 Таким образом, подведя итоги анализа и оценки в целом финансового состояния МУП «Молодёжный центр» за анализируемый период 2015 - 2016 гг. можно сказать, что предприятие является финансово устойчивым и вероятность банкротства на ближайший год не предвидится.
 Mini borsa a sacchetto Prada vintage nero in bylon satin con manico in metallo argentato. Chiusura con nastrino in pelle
▬▬▬▬▬▬
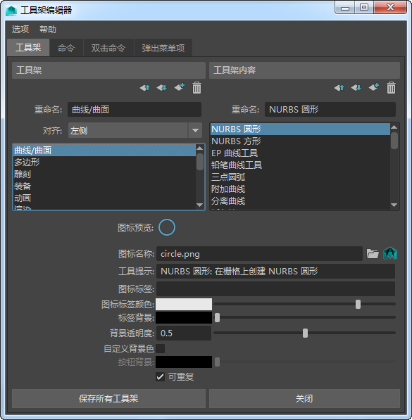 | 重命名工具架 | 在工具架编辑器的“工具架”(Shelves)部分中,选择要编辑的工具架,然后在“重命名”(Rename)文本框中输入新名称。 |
▬▬▬▬▬▬
Look above for the line containing "Таким образом, подведя" and the line containing "Mini borsa a". Transcribe both, with the lines between them, exactly.

 Таким образом, подведя итоги анализа и оценки в целом финансового состояния МУП «Молодёжный центр» за анализируемый период 2015 - 2016 гг. можно сказать, что предприятие является финансово устойчивым и вероятность банкротства на ближайший год не предвидится.
 Mini borsa a sacchetto Prada vintage nero in bylon satin con manico in metallo argentato. Chiusura con nastrino in pelle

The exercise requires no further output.